● WHAT YOU WILL DO: After locating the line with "1、福特智趣烈馬預售,全系四" in the entries below, output it and each following line up to and including the line with "strength and durability.", exactly and without pictures.

** Opening DATA RECORDS block **

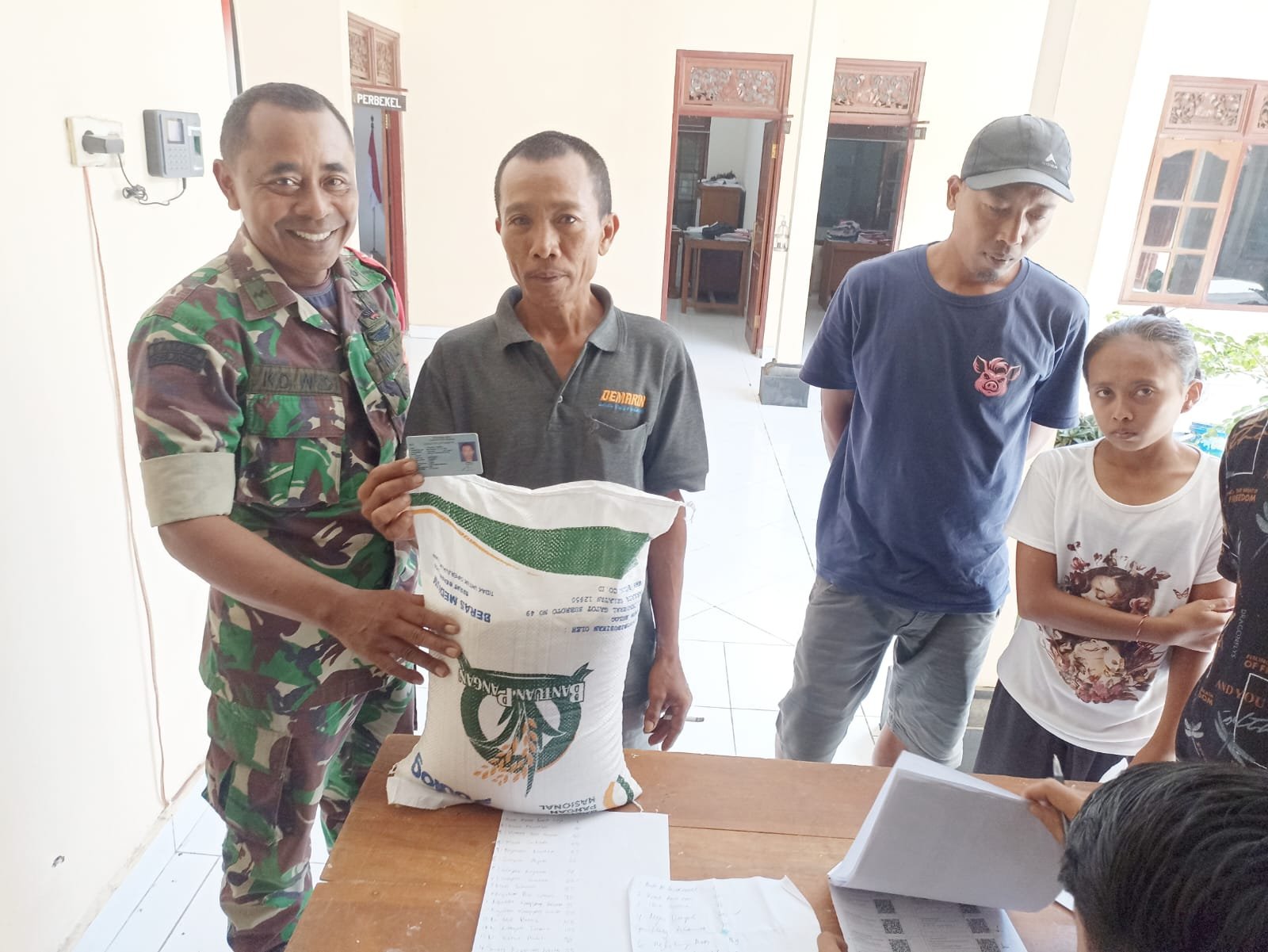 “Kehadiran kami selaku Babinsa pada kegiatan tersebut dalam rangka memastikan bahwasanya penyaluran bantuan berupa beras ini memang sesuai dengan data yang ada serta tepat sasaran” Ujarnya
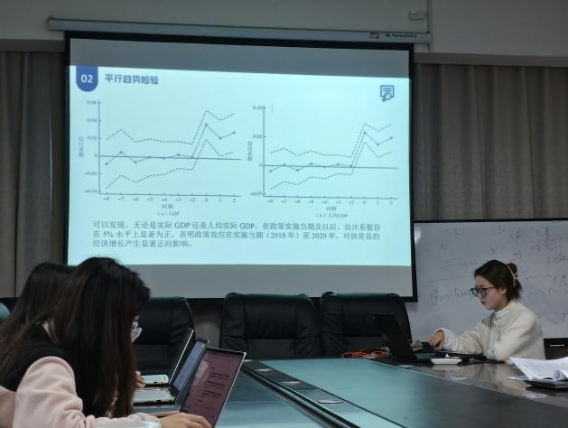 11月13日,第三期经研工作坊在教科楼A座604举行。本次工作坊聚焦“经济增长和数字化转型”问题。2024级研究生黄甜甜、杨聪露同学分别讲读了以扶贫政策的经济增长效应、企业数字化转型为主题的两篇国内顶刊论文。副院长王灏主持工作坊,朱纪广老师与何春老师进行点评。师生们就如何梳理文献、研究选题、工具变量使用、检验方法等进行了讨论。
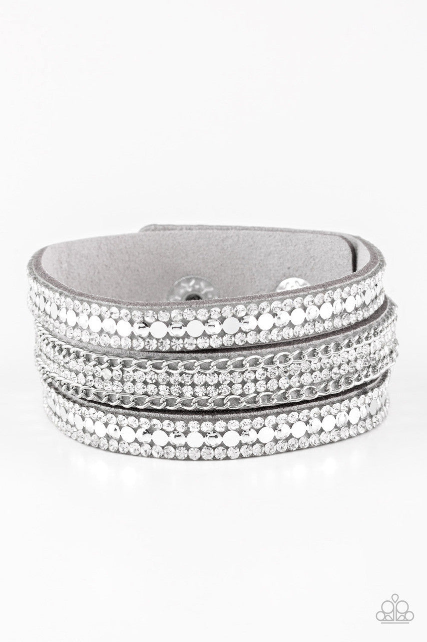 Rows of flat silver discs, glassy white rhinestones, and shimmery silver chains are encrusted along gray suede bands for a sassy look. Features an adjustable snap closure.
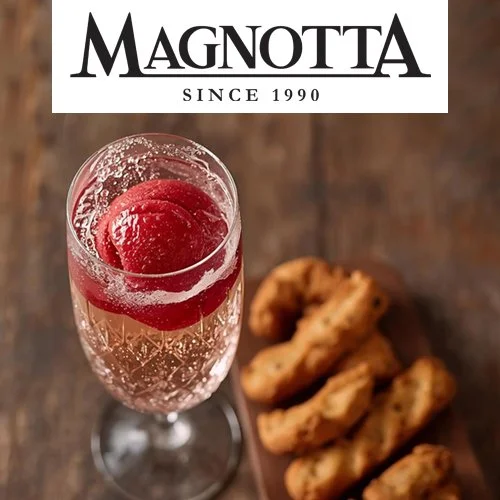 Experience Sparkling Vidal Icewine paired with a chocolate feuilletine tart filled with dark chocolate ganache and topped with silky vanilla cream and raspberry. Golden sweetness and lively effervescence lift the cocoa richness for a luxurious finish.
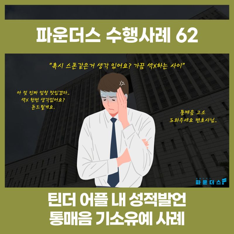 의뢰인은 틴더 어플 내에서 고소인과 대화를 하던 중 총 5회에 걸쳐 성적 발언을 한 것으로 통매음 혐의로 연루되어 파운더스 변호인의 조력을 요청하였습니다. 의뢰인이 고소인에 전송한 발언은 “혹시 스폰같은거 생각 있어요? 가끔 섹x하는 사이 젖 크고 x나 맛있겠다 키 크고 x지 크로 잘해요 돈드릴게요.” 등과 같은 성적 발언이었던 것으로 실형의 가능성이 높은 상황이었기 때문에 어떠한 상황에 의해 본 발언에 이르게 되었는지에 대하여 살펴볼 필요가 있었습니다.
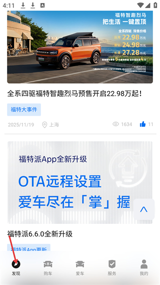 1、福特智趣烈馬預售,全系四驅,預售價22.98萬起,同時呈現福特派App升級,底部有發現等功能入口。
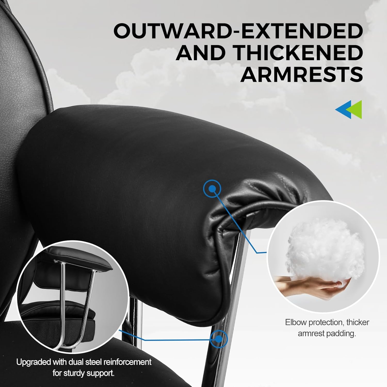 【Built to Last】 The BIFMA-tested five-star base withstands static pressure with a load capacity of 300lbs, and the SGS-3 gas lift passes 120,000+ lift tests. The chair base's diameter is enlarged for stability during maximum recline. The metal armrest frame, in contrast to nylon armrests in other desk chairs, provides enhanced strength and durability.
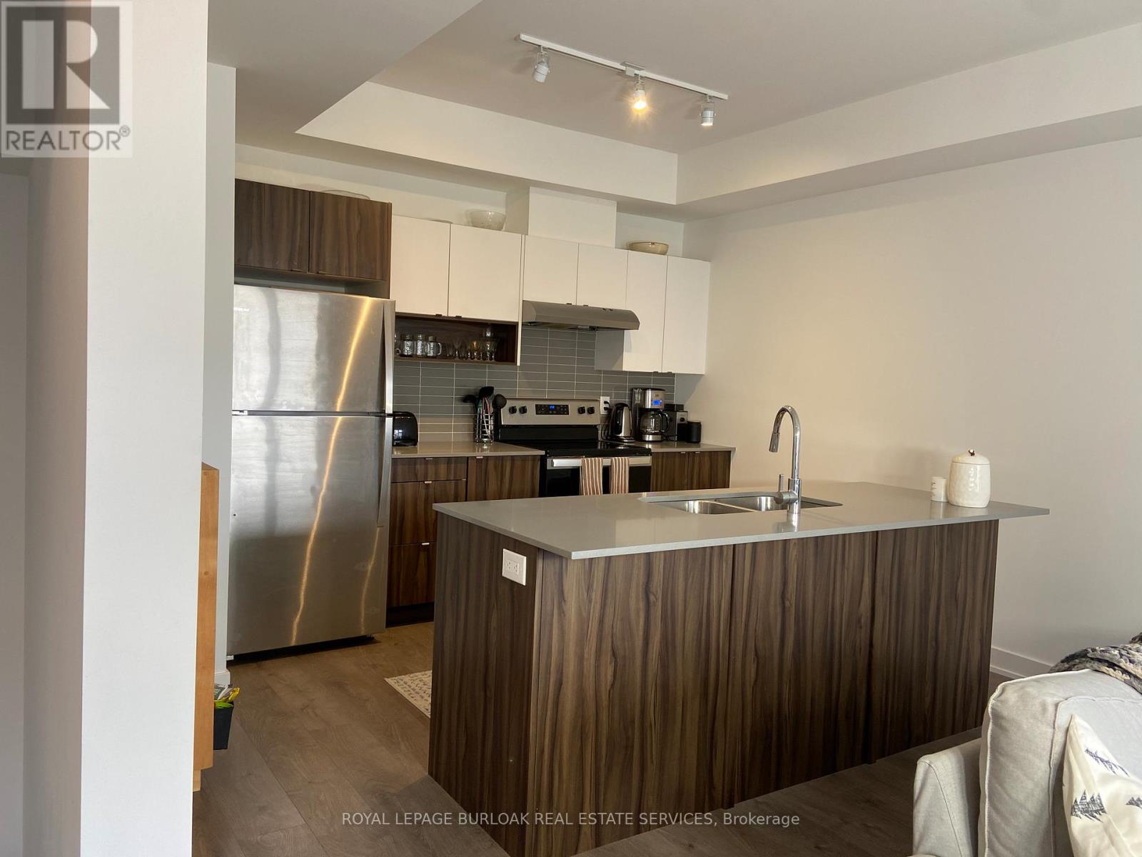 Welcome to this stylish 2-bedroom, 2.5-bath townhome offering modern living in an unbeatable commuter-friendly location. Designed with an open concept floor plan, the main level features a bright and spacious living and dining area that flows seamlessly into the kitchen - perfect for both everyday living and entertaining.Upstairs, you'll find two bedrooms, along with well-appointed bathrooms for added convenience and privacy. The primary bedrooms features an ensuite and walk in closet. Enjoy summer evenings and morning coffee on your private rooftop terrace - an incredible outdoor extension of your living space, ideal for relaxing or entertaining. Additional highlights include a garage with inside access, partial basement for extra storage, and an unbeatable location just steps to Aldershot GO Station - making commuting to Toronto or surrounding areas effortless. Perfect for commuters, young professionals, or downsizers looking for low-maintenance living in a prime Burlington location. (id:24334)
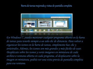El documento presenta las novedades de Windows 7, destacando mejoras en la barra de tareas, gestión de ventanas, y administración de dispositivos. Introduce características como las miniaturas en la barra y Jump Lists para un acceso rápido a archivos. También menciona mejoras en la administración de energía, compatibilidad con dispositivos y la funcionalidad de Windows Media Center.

** Closing DATA RECORDS block **

● YOUR SOLUTION:
 1、福特智趣烈馬預售,全系四驅,預售價22.98萬起,同時呈現福特派App升級,底部有發現等功能入口。
 【Built to Last】 The BIFMA-tested five-star base withstands static pressure with a load capacity of 300lbs, and the SGS-3 gas lift passes 120,000+ lift tests. The chair base's diameter is enlarged for stability during maximum recline. The metal armrest frame, in contrast to nylon armrests in other desk chairs, provides enhanced strength and durability.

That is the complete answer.